Information given:
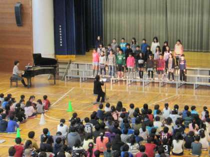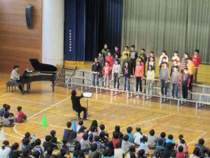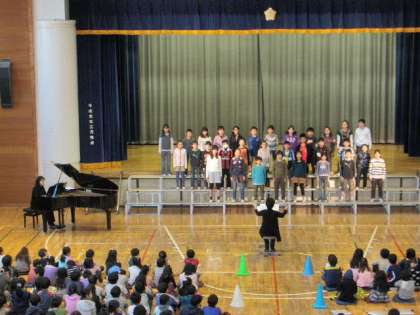 4年は「風のメロディー」斉唱、「レッツダンス」2部合唱、5年は「スキーの歌」斉唱、「翼をください」2部合唱、6年は「春よ、来い」斉唱、「最後のチャイム」2部合唱でした。写真は、4-1、5-1、6-1の発表の様子です。
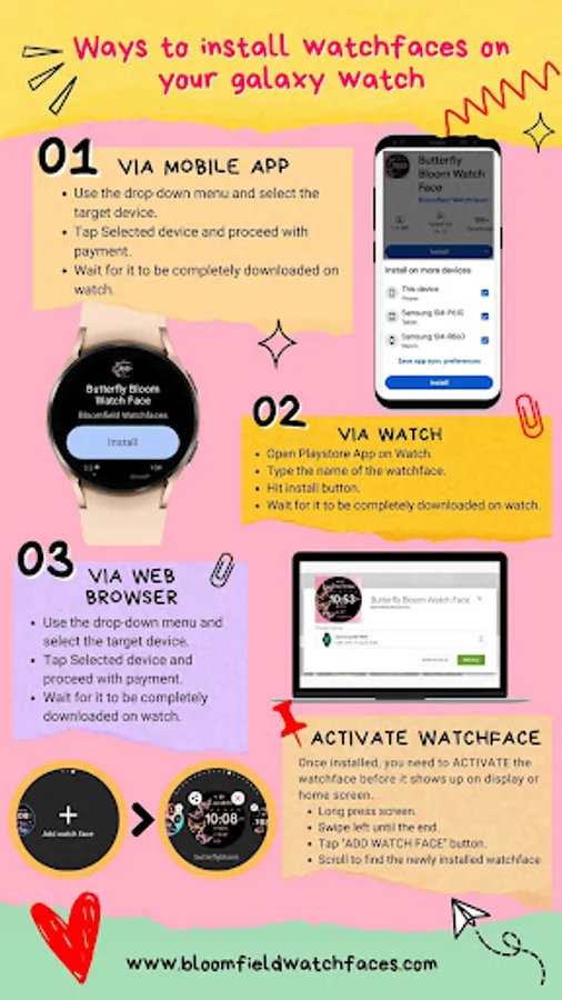 ⚠️⚠️⚠️ Before you rate us unfairly, reach us out at bloomfieldwatchfaces@gmail.com and we will send you sceeenshots and instructions how to install the watchface. We are more than willing to help you step by step.
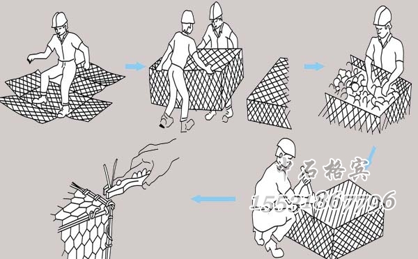 將折疊好的雷諾護墊沿坡面由下往上展開,壓平多余的折痕。將前后面板、底板、隔板立起到一定位置,呈箱體形狀。相鄰網(wǎng)箱組的上下四角以雙股組合絲連接;上下框線或折線,綁扎,并使用螺旋固定絲絞繞收緊聯(lián)結(jié)。由隔板分成若干單元格,為了加強網(wǎng)墊結(jié)構(gòu)的強度,所有的面板邊端均采用直徑更大的鋼絲。將數(shù)件空雷諾護墊放置于平地,將其聯(lián)結(jié)在一起.在有下層網(wǎng)箱組的情況,綁扎上層網(wǎng)箱組間相鄰邊的底線框時,必須將下方網(wǎng)箱組面層框線或網(wǎng)片綁扎在一起,用螺旋固定絲攪擾收緊,以求連成一體。將網(wǎng)蓋向下折,拉到位并與前板、側(cè)板及隔板絞合在一起。用大約長于邊絲1.5倍的綁絲綁扎,所有的面板邊端均采用直徑更大的鋼絲。將相鄰網(wǎng)箱組的上下四角以單股或雙股組合絲連接,雙股間距不大于300mm。上下框線或折線,用綁絲螺旋固定絞繞收緊聯(lián)結(jié)綁扎,邊緣末端的間距最大為100mm,可用鉗子將綁絲固緊。綁扎時需注意保護網(wǎng)絲表層的涂層,不要將其損壞。
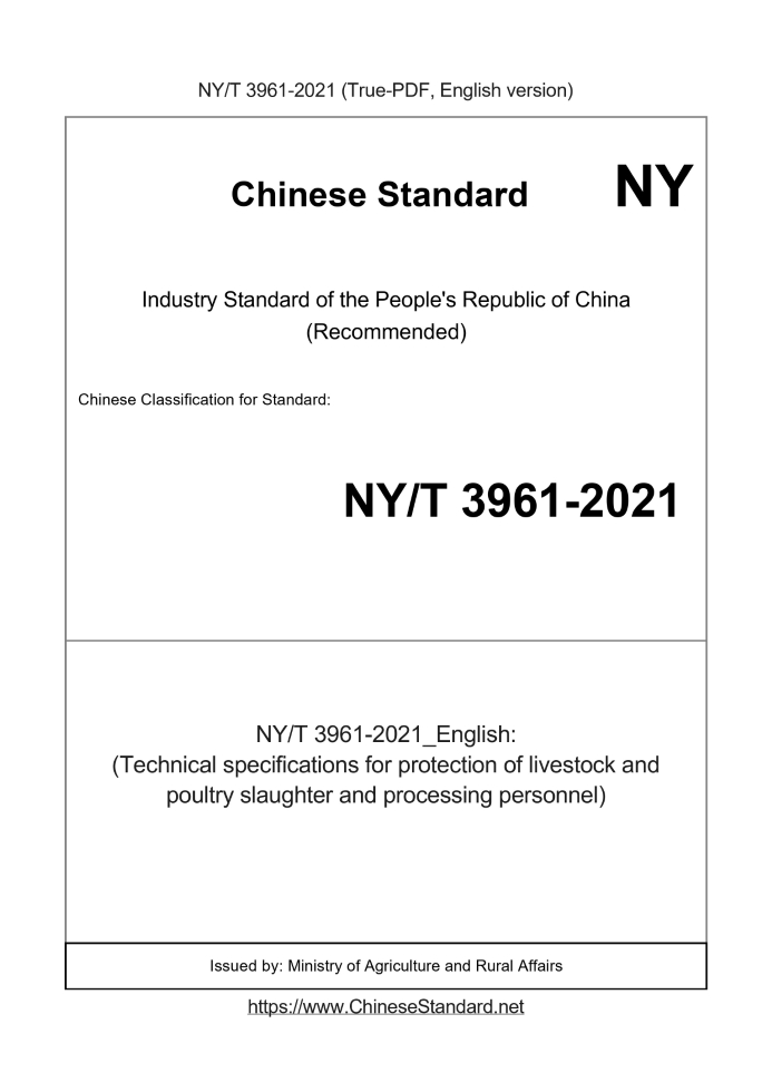 Delivery: <= 3 days. True-PDF full-copy in English will be manually translated and delivered via email. NY/T 3961-2021: (Technical specifications for protection of livestock and poultry slaughter and processing personnel) Status: Valid
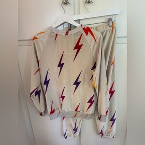 Gorgeous and rare! Washed once but NEVER WORN! Noticed a couple of tiny tiny marks on the front of the sweatshirt. Barely noticeable. Selling as a set but let me know if you are interested in only one piece.
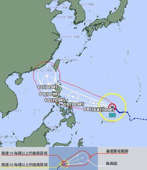 日本氣象廳最新路徑預報,已將台灣南部列入暴風警戒範圍。(取自日本氣象廳)
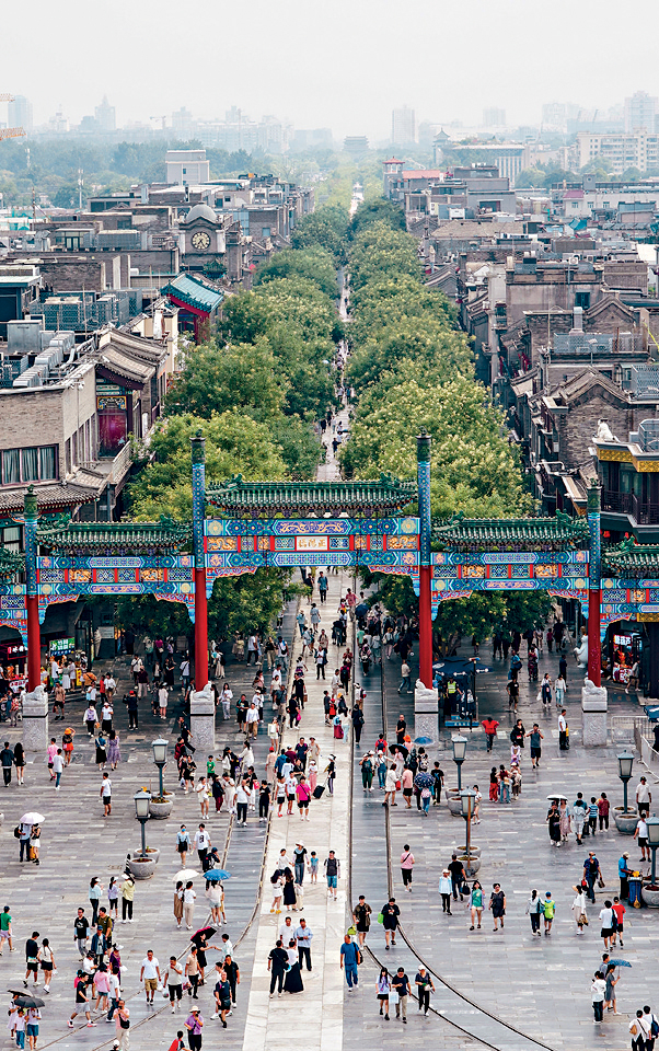 ▲從正陽(yáng)門箭樓往南望,熱鬧的前門大街及遠(yuǎn)處的永定門都一覽無(wú)遺。
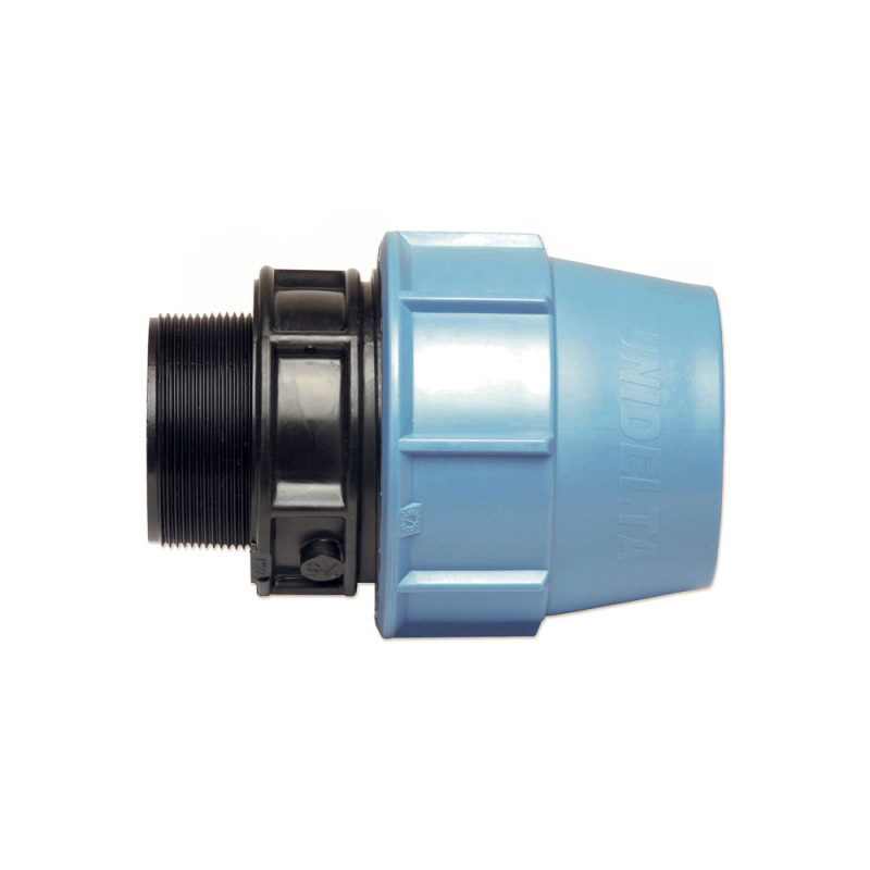 Компресійні фітинги із поліпропілену забезпечують досконалу гідравлічну герметизацію в системах розподілу води під тиском. З`єднувальна система складається з приєднання поліетиленової труби затискним кільцем, що охоплює та фіксує трубу після того, як блакитна гайка буде затягнута. Технічні характеристики компресійних фітингів Unidelta роблять їх надзвичайно швидкими і легкими в монтажі. Діапазон діаметрів — від 16 мм до 110 мм (16 бар номінальний тиск). Основні компоненти компресійних фітингів Unidelta виготовлені з наступних матеріалів: корпус, втулка та гайка — надміцний поліпропілен (PP-B) з УФ захистом; ущільнення — нітрилова гума (NBR); затискне кільце — ацеталова смола (POM).
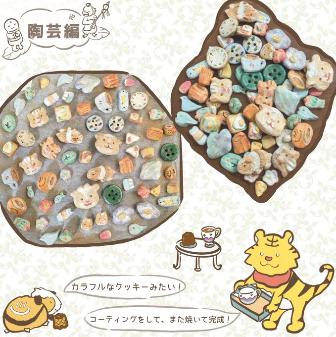 【焼き物編−6ー】 色を付け、コート剤を塗り焼いて完成💠 ヘアアクセサリーやブローチにしていきます♨️ 水と緑と動物好きな妻が表現する”木彫・粘土・レジン・刺繍・イラストなど”の作品と制作風景を紹介していきます🕊 #作品 #木彫 #粘土 #レジン #刺繍 #イラスト #ART #癒し #作品紹介 #美術 #工芸
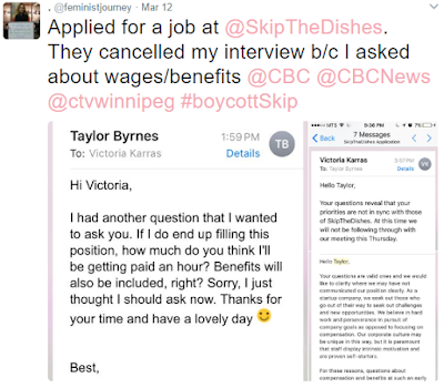 The woman, whose name was given as Victoria Karras, was called for a second interview and the same thing happened. During her interview with the company called SkipThe Dishes, she asked them what her salary would be and here is how they responded:
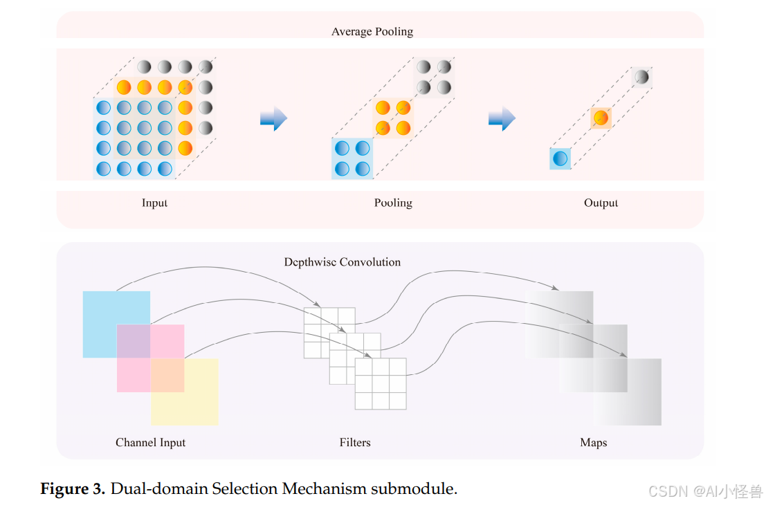最后,将所有特征输入到DSM(双域选择机制)中。该注意力机制旨在从多尺度边缘信息中高效地选择与目标任务高度相关的关键特征。通过聚焦于图像中更重要的区域,例如复杂的边缘和高频信号,该机制能从多尺度特征中自适应地选择具有更高任务相关性的特征,显著提高了特征选择的准确性和模型的整体性能。图3展示了DSM中每个子模块的详细结构。
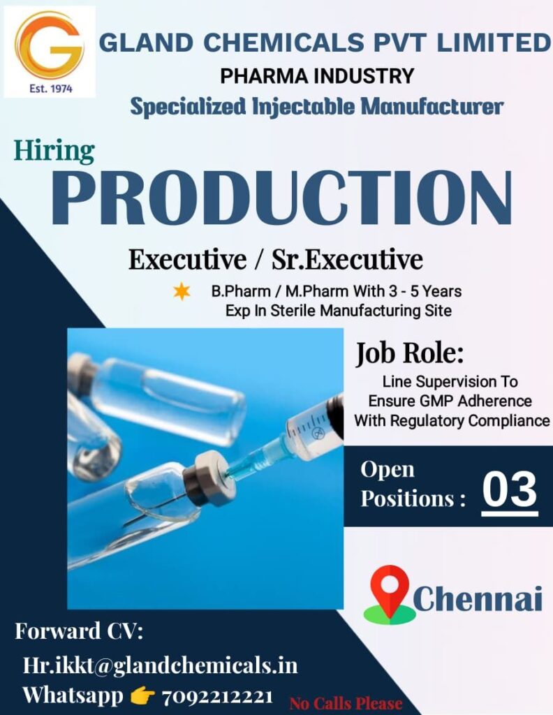 Gland Chemicals Pvt Limited, a specialized injectable manufacturer established in 1974, has announced an immediate hiring opening within its production department. This opportunity is tailored for pharmaceutical professionals looking to advance their careers in a specialized manufacturing environment in Chennai.
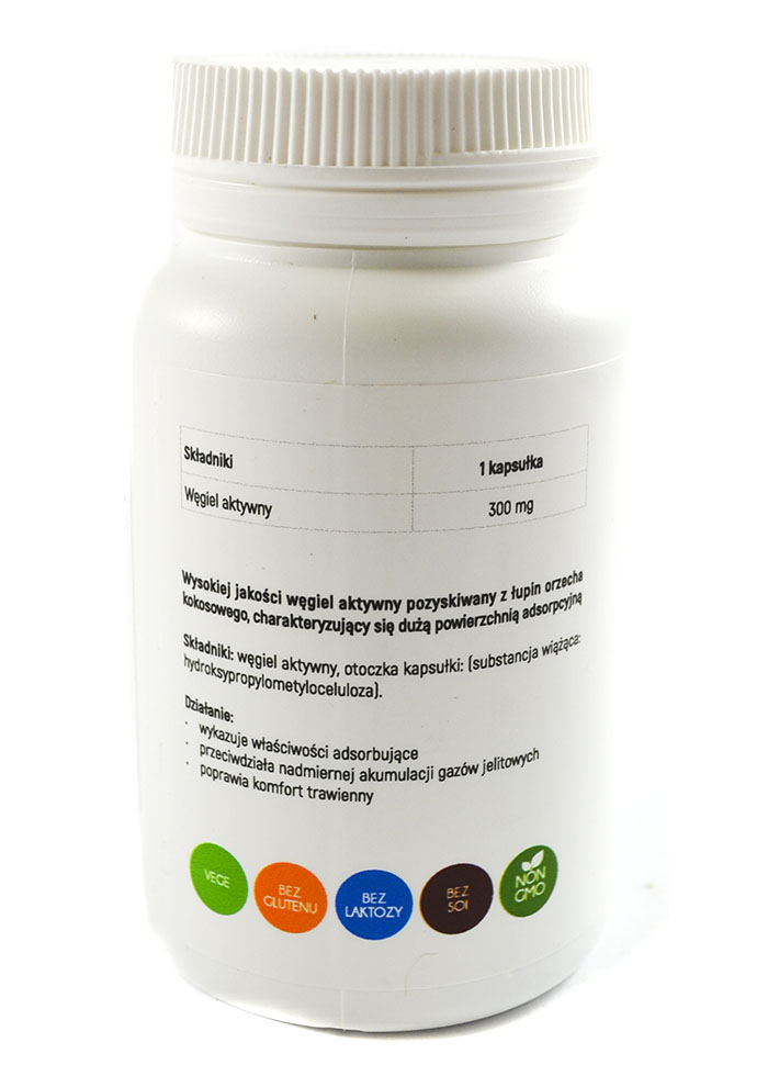 Składniki:węgiel aktywny, otoczka kapsułki: (substancja wiążąca: hydroksypropylometyloceluloza)Sposób użycia:

Task to carry out:
Repeat the material exactly. Skip the images.

The completed task:
 4年は「風のメロディー」斉唱、「レッツダンス」2部合唱、5年は「スキーの歌」斉唱、「翼をください」2部合唱、6年は「春よ、来い」斉唱、「最後のチャイム」2部合唱でした。写真は、4-1、5-1、6-1の発表の様子です。
 ⚠️⚠️⚠️ Before you rate us unfairly, reach us out at bloomfieldwatchfaces@gmail.com and we will send you sceeenshots and instructions how to install the watchface. We are more than willing to help you step by step.
 將折疊好的雷諾護墊沿坡面由下往上展開,壓平多余的折痕。將前后面板、底板、隔板立起到一定位置,呈箱體形狀。相鄰網(wǎng)箱組的上下四角以雙股組合絲連接;上下框線或折線,綁扎,并使用螺旋固定絲絞繞收緊聯(lián)結(jié)。由隔板分成若干單元格,為了加強網(wǎng)墊結(jié)構(gòu)的強度,所有的面板邊端均采用直徑更大的鋼絲。將數(shù)件空雷諾護墊放置于平地,將其聯(lián)結(jié)在一起.在有下層網(wǎng)箱組的情況,綁扎上層網(wǎng)箱組間相鄰邊的底線框時,必須將下方網(wǎng)箱組面層框線或網(wǎng)片綁扎在一起,用螺旋固定絲攪擾收緊,以求連成一體。將網(wǎng)蓋向下折,拉到位并與前板、側(cè)板及隔板絞合在一起。用大約長于邊絲1.5倍的綁絲綁扎,所有的面板邊端均采用直徑更大的鋼絲。將相鄰網(wǎng)箱組的上下四角以單股或雙股組合絲連接,雙股間距不大于300mm。上下框線或折線,用綁絲螺旋固定絞繞收緊聯(lián)結(jié)綁扎,邊緣末端的間距最大為100mm,可用鉗子將綁絲固緊。綁扎時需注意保護網(wǎng)絲表層的涂層,不要將其損壞。
 Delivery: <= 3 days. True-PDF full-copy in English will be manually translated and delivered via email. NY/T 3961-2021: (Technical specifications for protection of livestock and poultry slaughter and processing personnel) Status: Valid
 Gorgeous and rare! Washed once but NEVER WORN! Noticed a couple of tiny tiny marks on the front of the sweatshirt. Barely noticeable. Selling as a set but let me know if you are interested in only one piece.
 日本氣象廳最新路徑預報,已將台灣南部列入暴風警戒範圍。(取自日本氣象廳)
 ▲從正陽(yáng)門箭樓往南望,熱鬧的前門大街及遠(yuǎn)處的永定門都一覽無(wú)遺。
 Компресійні фітинги із поліпропілену забезпечують досконалу гідравлічну герметизацію в системах розподілу води під тиском. З`єднувальна система складається з приєднання поліетиленової труби затискним кільцем, що охоплює та фіксує трубу після того, як блакитна гайка буде затягнута. Технічні характеристики компресійних фітингів Unidelta роблять їх надзвичайно швидкими і легкими в монтажі. Діапазон діаметрів — від 16 мм до 110 мм (16 бар номінальний тиск). Основні компоненти компресійних фітингів Unidelta виготовлені з наступних матеріалів: корпус, втулка та гайка — надміцний поліпропілен (PP-B) з УФ захистом; ущільнення — нітрилова гума (NBR); затискне кільце — ацеталова смола (POM).
 【焼き物編−6ー】 色を付け、コート剤を塗り焼いて完成💠 ヘアアクセサリーやブローチにしていきます♨️ 水と緑と動物好きな妻が表現する”木彫・粘土・レジン・刺繍・イラストなど”の作品と制作風景を紹介していきます🕊 #作品 #木彫 #粘土 #レジン #刺繍 #イラスト #ART #癒し #作品紹介 #美術 #工芸
 The woman, whose name was given as Victoria Karras, was called for a second interview and the same thing happened. During her interview with the company called SkipThe Dishes, she asked them what her salary would be and here is how they responded:
最后,将所有特征输入到DSM(双域选择机制)中。该注意力机制旨在从多尺度边缘信息中高效地选择与目标任务高度相关的关键特征。通过聚焦于图像中更重要的区域,例如复杂的边缘和高频信号,该机制能从多尺度特征中自适应地选择具有更高任务相关性的特征,显著提高了特征选择的准确性和模型的整体性能。图3展示了DSM中每个子模块的详细结构。
 Gland Chemicals Pvt Limited, a specialized injectable manufacturer established in 1974, has announced an immediate hiring opening within its production department. This opportunity is tailored for pharmaceutical professionals looking to advance their careers in a specialized manufacturing environment in Chennai.
 Składniki:węgiel aktywny, otoczka kapsułki: (substancja wiążąca: hydroksypropylometyloceluloza)Sposób użycia:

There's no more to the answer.